Freedom of Religion Versus Village Fono
The Constitution of Samoa Article 11 guarantees protection of freedom of religion. However, it has been under scrutiny with much heated debates for years, in its application versus the village fono bylaws. Although these rights are guaranteed; time and time again, violations of these rights are a norm in the local level with most incidents gone unreported; perhaps out of fear of reparations if they oppose the fono openly, or, the value of va-fealoa’i (relationships based on respect of age, gender, status) and so conformity and compliance out of respect for the fono is the usual individual response to rights violations. This is because almost all villages have agreed to the mainline denominations (CCC, Methodist, Catholic) to be the only denominations for the villagers to attend. In the village of Gataivai in Savai’i (Samoa's biggest island), Methodist is the only denomination allowed whereas in Satupa’itea in Savai’i also where Catholic is the only denomination permitted. But, in the cases that have made the media limelight, for example the village of Salamumu; where a new denomination was banned from holding bible studies in the village as Methodist is the only denomination allowed; four men of an evangelic church were hog-tied; carried to the public road and left there until rescued by a church minister who pleaded for the men's lives. The new church members’ houses were burnt by the village, their possession destroyed and members beaten including a pregnant woman. In the case of Sovita v Police, the defendants were chiefs and untitled men (taulele’a) of Salamumu village; who argued that they were acting on order and command from the decision made by the fono. The case of Mau Sefo & others v Attorney General, the village of Saipipi banished the plaintiffs from the village for executing bible studies and worship services other than the three (mainline denominations) sanctioned. Furthermore, in the case of Tariu Tuivaiti v Sila Faamalaga & Others, “the plaintiffs were banished from the village of Matautu Falelatai for failing to attend church”. While the Courts are ruling in favour of fundamental rights including freedom of religion under the Constitution, only a few cases make it to court.

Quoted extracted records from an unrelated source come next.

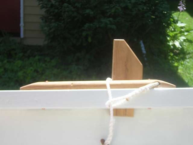 There is an ongoing debate among the clubs about length; we made ours 11' at the bow and stern and 11'10" at the middle two stations. The club rules specify no fancy metal oarlocks, and the plans show the Iron Age routh and kabe design, a pad with an upright block mortised into the rail. The oar has sacrificial wood boards (sclates) that bear on the pad and upright, and is held in place with a lanyard (humbliband in old dialect).
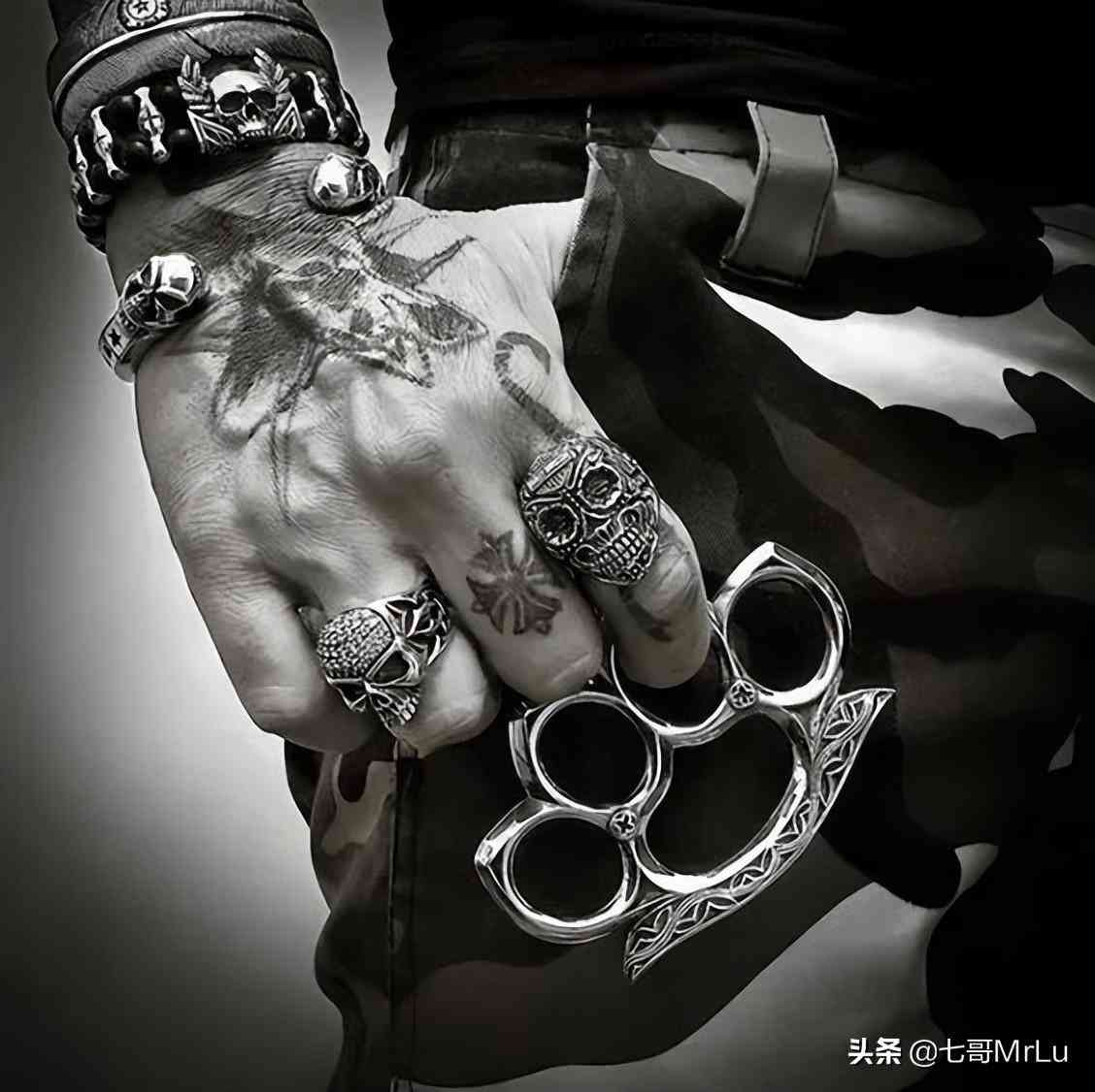 美国早期的飞手党,就很喜欢戴满整只手。不过他们并不是为了好看,而是单纯为了代替被禁用的手指 “按摩” 工具 —— 指虎。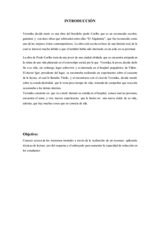 Veronika intenta suicidarse tomando pastillas para dormir, pero es encontrada inconsciente y llevada a un hospital psiquiátrico llamado Villete. Allí, los médicos le mienten y le dicen que le queda poco tiempo de vida debido a los daños en su corazón causados por la sobredosis. Veronika conoce a otros pacientes como Zedka y comienza a cuestionar su decisión inicial de suicidarse, experimentando nuevas experiencias que le muestran otras facetas de sí misma. Sin embargo, eventualmente descubre que el pron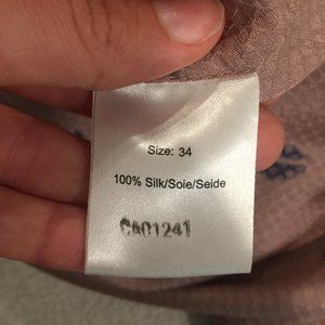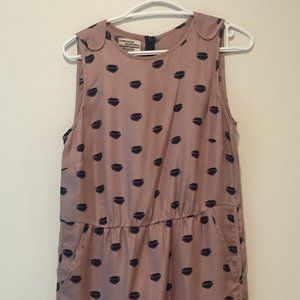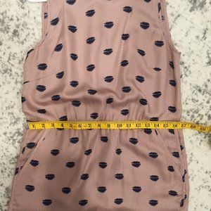 100% Silk Shift dress in a soft mauve color with navy blue kiss print.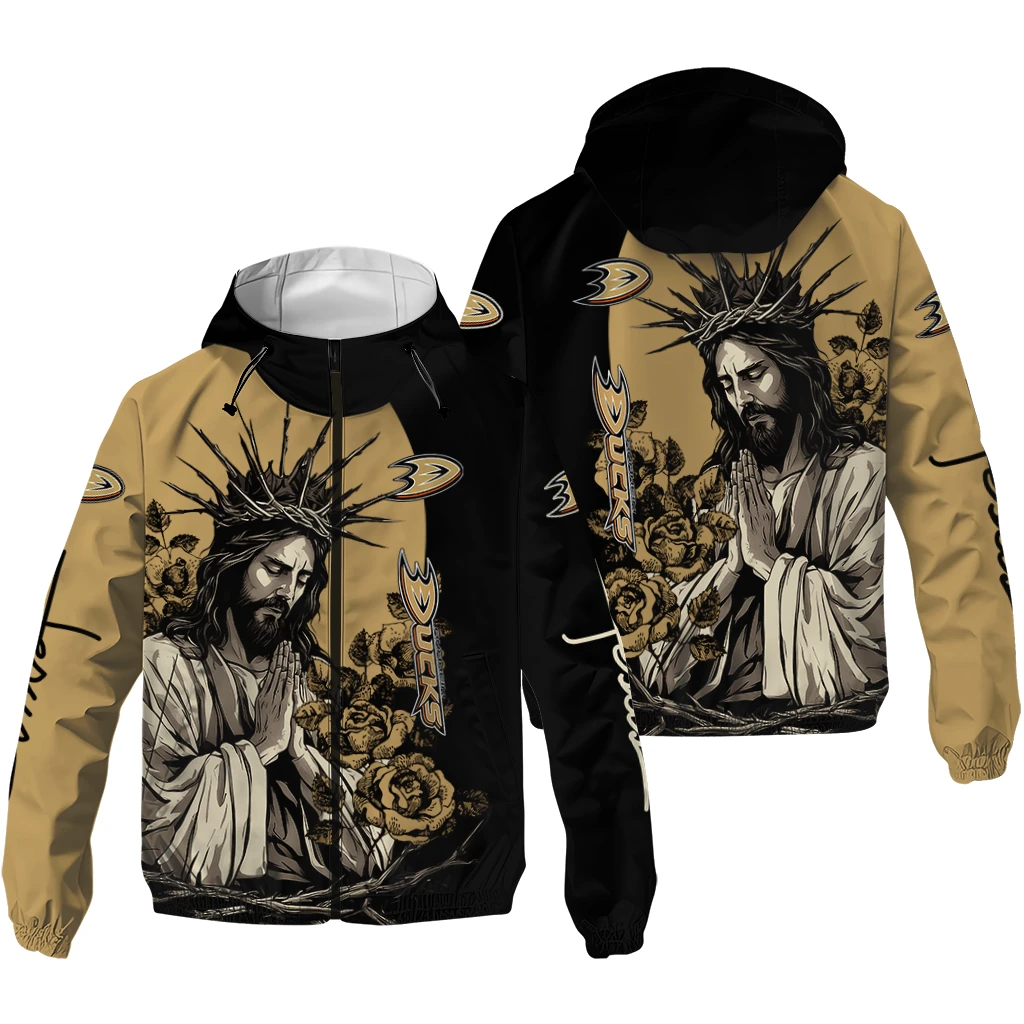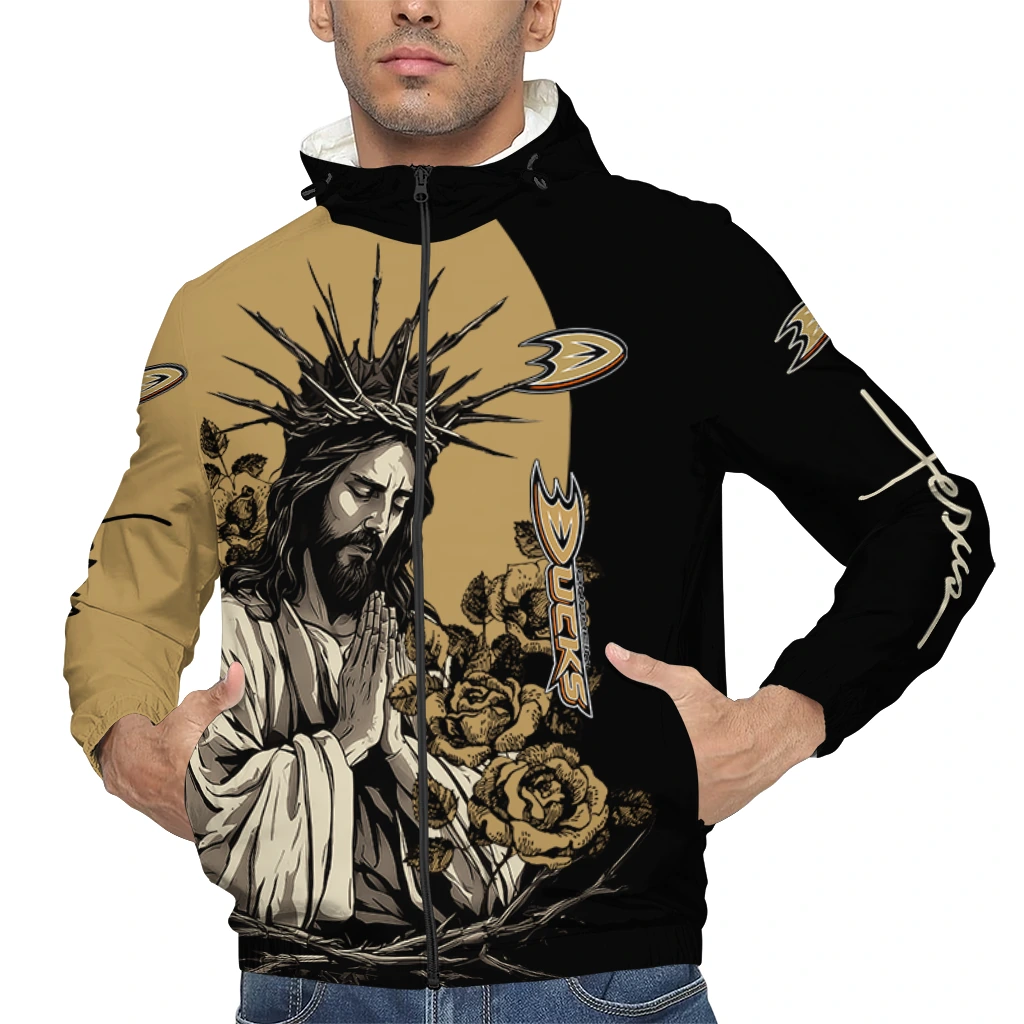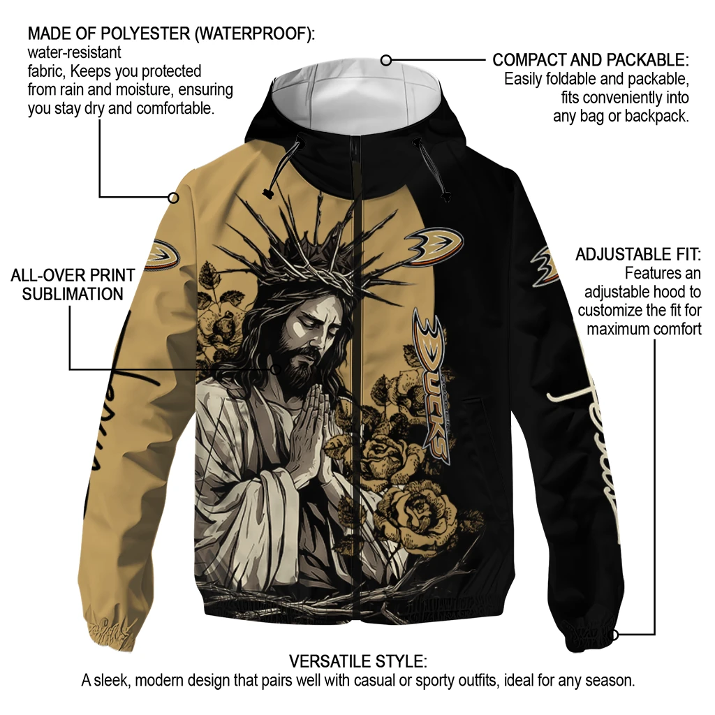 Anaheim Ducks Jesus Roses Gold Black Windbreaker Jacket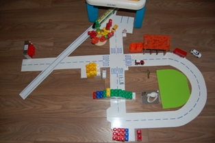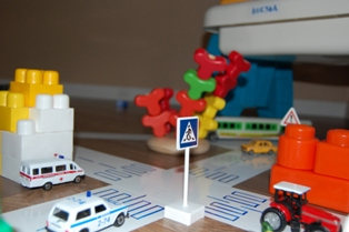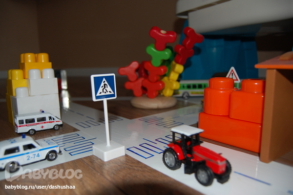 Еще несколько фото. Дороги сделали из клеящейся бумаги, оставшейся от ремонта. Из кубиков конструктора здание полиции и скорой помощи, мост. Зеленая площадка - парк, там гуляли кошка с собакой. в пруду плавали утка с утятами и лебедь. Автобус всех перевозил (останавлявается, конечно, на остановках), а папа напридумывал кучу историй: как у кошки заболело горлышко, к ней приехал доктор, как пропали утята и пришлось срочно звонить в полицию, как подул ветер, сломал дерево, пришлось вызвать дядю на тракторе, он разобрал завалы, как выстраивалась очередь на заправку, ездили в магазин.
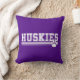 Cet oreiller à accent est montré avec une impression Huskies. Les couleurs sont violettes et blanches. Customisez cet objet ou achetez tel quel. Impression sous licence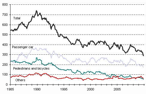 A total of 5 938 road traffic accidents involving personal injury happened in the January to November period. In them, 259 persons were killed and 7 434 persons injured. The number of persons killed was 56 lower and that of persons injured 422 lower than in the corresponding period of 2008. Of the person who were killed, 154 travelled by passenger car, 9 by van, 6 by lorry, 1 by bus or coach, 27 by motorcycle and 10 by moped. Pedestrians killed numbered 24 and cyclists 19. In addition, 9 other road users were killed.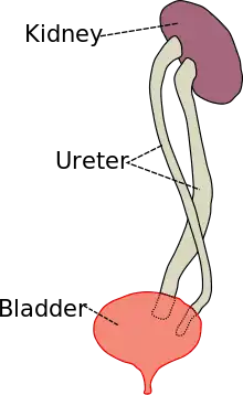 Kidney issues, such as horseshoe kidney, are sometimes observed in Turner syndrome.[34] Horseshoe kidney, where the kidneys are fused together in a U-shape, occurs in around 10% of Turner's cases compared to less than 0.5% of the general population. A missing kidney is observed in as many as 5% of individuals with Turner syndrome, compared to around 0.1% of the population. A duplicated ureter, where two ureters drain a single kidney, occurs in as much as 20%–30% of the Turner syndrome population. Kidney malformations in Turner syndrome may be more common in mosaicism than in the full 45,X0 karyotype.[36] Serious complications of the kidney anomalies associated with Turner syndrome are rare, although there is some risk of issues such as obstructive uropathy, where the flow of urine from the kidneys is blocked.[14]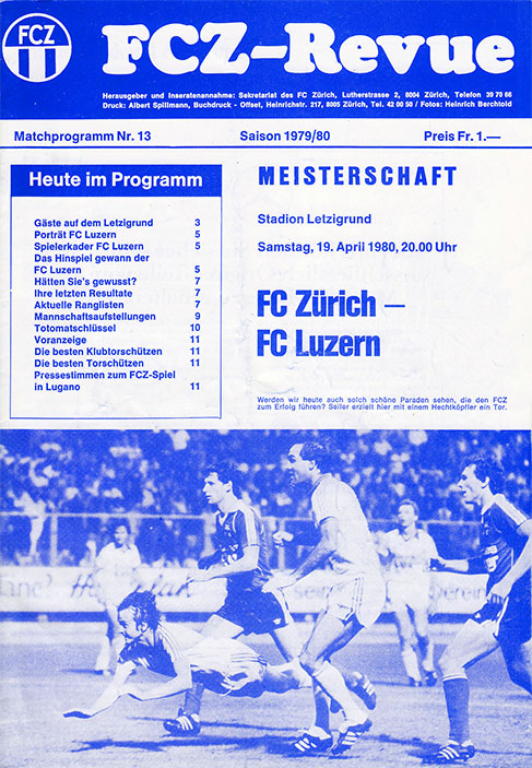 | Spiel | FCZ - Luzern (19.04.1980) | Login |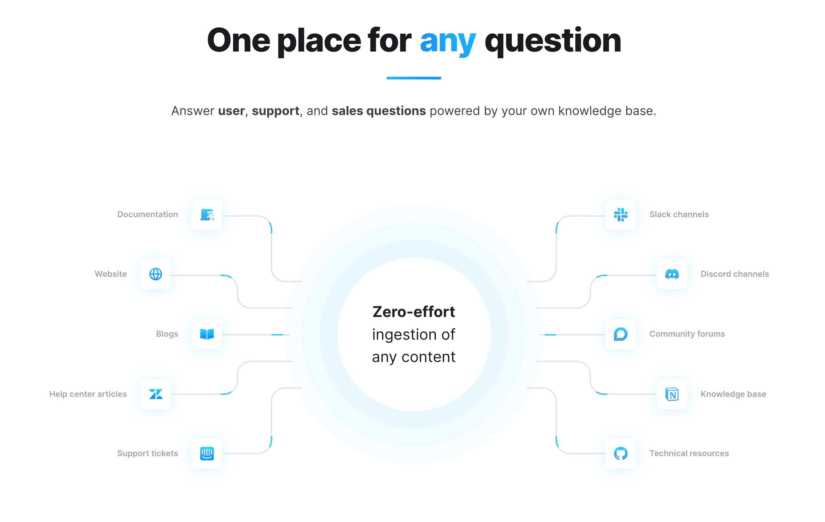 When we decided to start a company, we wanted to focus on developer products, a market that often gets overlooked. During our research, we noticed a gap: while most B2B SaaS products use chatbots like Intercom or Zendesk, only about 20% of developer companies do. Developers often see these chatbots as marketing tools, not helpful resources. Our original motivation was to create a product designed for developers that provides immediate, helpful answers without the marketing and sales stigma of traditional chatbots. We’ve since found that that approach actually resonated with many companies with technical products and savvy (or picky) end-users; in particular, if they have high support volumes and tons of content.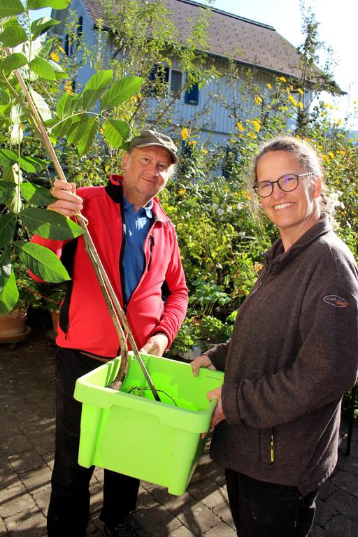 Thomas Filler (Obmann des Umwelt- und Raumplanungsausschusses in Hörbranz) hatte für Melitta Sohm einen Edelnussbaum mitgebracht.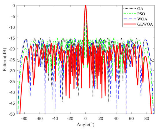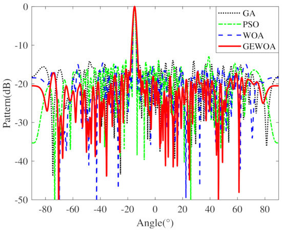 Figure 14, respectively. The PSLLs of GA, PSO, WOA, and GEWOA are −14.90, −15.10, −15.66, and −17.14 dB, respectively. It can be seen that the on-grid array designed using GEWOA obtains the lowest PSLL, which proves the advantage of the GEWOA in terms of the global search capability.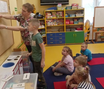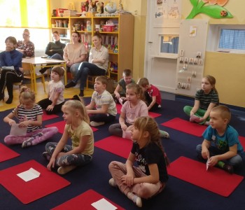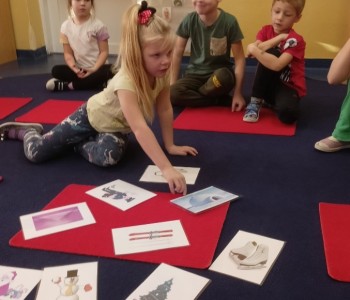 W ramach współpracy przedszkola z rodzicami 5 grudnia w grupie Pszczółki Mai odbyło się zajęcie otwarte, które pozwoliło rodzicom obserwować swoje dziecko na tle grupy. Zadaniem dzieci podczas zajęcia było rozwiązywanie różnych zadań od Świętego Mikołaja. Na początku zajęcia dzieci rozwiązywały zagadki słowne o zimie i symbolach świątecznych oraz dzieliły wyrazy na sylaby i wyodrębniały głoski w nagłosie i wygłosie wyrazów.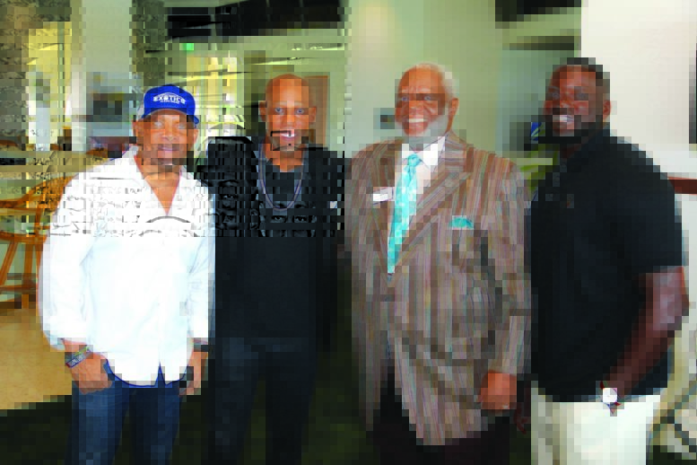 Continuing on with athlete introductions, Berry said, “” Let’s start with a young man born and raised in So. Florida. He went to Miami Beach Sr. High, played football at the “U” and was such a star player there that he was drafted right into the Baltimore Ravens. He had a key interception in Super Bowl XXXV that put the game on ice against the NY Giants. But he never forgot where home was, and after a stellar NFL career, he has come back and become a huge part of this community with all his charity work through his Quest for Success scholarships in Overtown…. welcome Mr. Duane Starks!”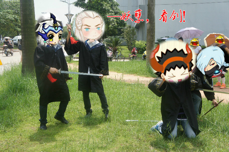一群二货穿着学士服四处拍照,看见几个舞蹈学院的小师妹,于是厚着脸皮借了人家拿来排舞的剑.................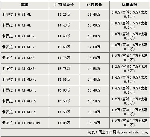 據(jù)4S銷售人員介紹,前段時間官方對卡羅拉全系調(diào)整了售價,最高官方降價達(dá)到了9000元,并且近期在店內(nèi)購買卡羅拉的消費(fèi)者還可以得到最高5000元的優(yōu)惠,累計全系最高讓利達(dá)到了1.4萬元。經(jīng)優(yōu)惠后,全系入門級的1.6 MT GL版車型售價降到了12.48萬元。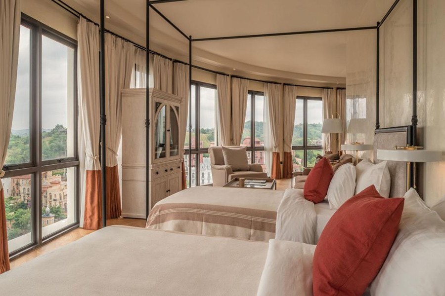 ที่พักที่เสมือนยกเมืองอิตาลีในชนบทมาไว้ที่เขาใหญ่ เมื่อก้าวเท้าเข้าไปยัง Toscana Valley ต้องได้สัมผัสกับบรรยากาศและสถาปัตยกรรมที่เหมือนเมืองทัสคานีในประเทศอิตาลีอันเงียบสงบ ซึ่งรายล้อมไปด้วยหุบเขาและธรรมชาติ ออกแบบได้อย่างพิถีพิถันตั้งแต่ทางเข้ามาจนถึงในห้องพักกันเลยทีเดียว เมื่อเดินเข้าไปถึงเหมือนหลุดไปยังแคว้นทัสคานีที่ไม่ว่าจะมองมุมไหนก็ถ่ายรูปได้หมด มาเริ่มที่โซน Town Square เป็นศูนย์รวมความคึกคักเพราะมีตึกสวยๆ ร้านอาหารอิตาเลียน ไวน์บาร์ คาเฟ่ และร้านเบเกอรี่ ที่จัดเรียงไว้ 2 ข้างทางเหมือนเดินอยู่ในตัวเมือง และในโซนนี้ยังเป็นที่ตั้งของ Town Square Suites โรงแรมสไตล์ปราสาททัสคานีที่ได้แรงบรรดาลใจมาจาก Piazza ย่านจัตุรัสกลางเมืองอิตาลีนั่นเอง ภายในโรงแรมมีห้องพักทั้งหมด 5 ไทป์ คือ Town View, Valley View, Mountain View, Horizon View และ Horizon Suite โดยแต่ละห้องมีจุดเด่นที่แตกต่างกันออกไป แต่สามารถมองเห็นทะเลสาบและสนามกอล์ฟระดับเวิลด์คลาส ถัดกันนั้นเป็นวิวของอุทยานแห่งชาติเขาใหญ่ที่สวยอลังการในทุกมุมมองจริงๆ หากใครชื่นชอบการมานอนสัมผัสบรรยากาศสบายๆ แบบนี้ต้องแวะมาที่ Toscana Valley

There are a number of reasons why people refrain from seeking legal remedies or advice. It is clear that at the village fono and on the local level, article 11 of the Constitution is hardly appreciated. The aforementioned issues between Christian denominations raises questions of “How religious are Samoans?” and “what Christian principles practised?” as Samoa claim to be a religious nation and these problems contradict the Constitution; of “Samoa is founded on God based on Christian principles and Samoan custom and tradition”. The survey by Angelica Saada titled ‘Samoa: A truly Religious Place? Views Towards Religion in Samoa’, is an endeavour to provide answers to a conflicting Constitution. The lawsuits and village bylaws prove that the individual rights are indeed unprotected. There is an immense gap between the Constitution and the village bylaws. The media also must be commended, because they bring these delicate issues into the public sphere. In the most publicized Salamumu 1998 incident opened discussions, and, the response to the citizens outcry and international denunciation sparked the Cabinet to set up a Commission of Inquiry in 2010 “…to inquire and report on the working of Article 11 of the Constitution of the Independent State of Samoa in relation to the right to freedom of religion”,. Nevertheless, critics must not shift the blame to the village fono, as the key to understanding is education. This is where the government is lacking. It is well enough to have guarantee on the protection of fundamental rights, but understanding on application of these rights on the local level have never been clear. It is the government's responsibility therefore to provide and facilitate discussion and education for the villages on how these rights can be protected and how they can be enhanced by the fono. Bryan Zoe, in her study on “Prosecution of Religious Minorities in Samoa: The Baha’i Struggle to Face a Common Problem”, provide a lot of insight into gaining understanding of the different beliefs and education in other religions other than Christianity. Imam Mohammed Yahya also suggests the importance of gaining knowledge into other faiths will create greater understanding. Dr Bin Yahya also said that ‘the only Christian church to invite him to talk about Islam was the Methodist Theological College’.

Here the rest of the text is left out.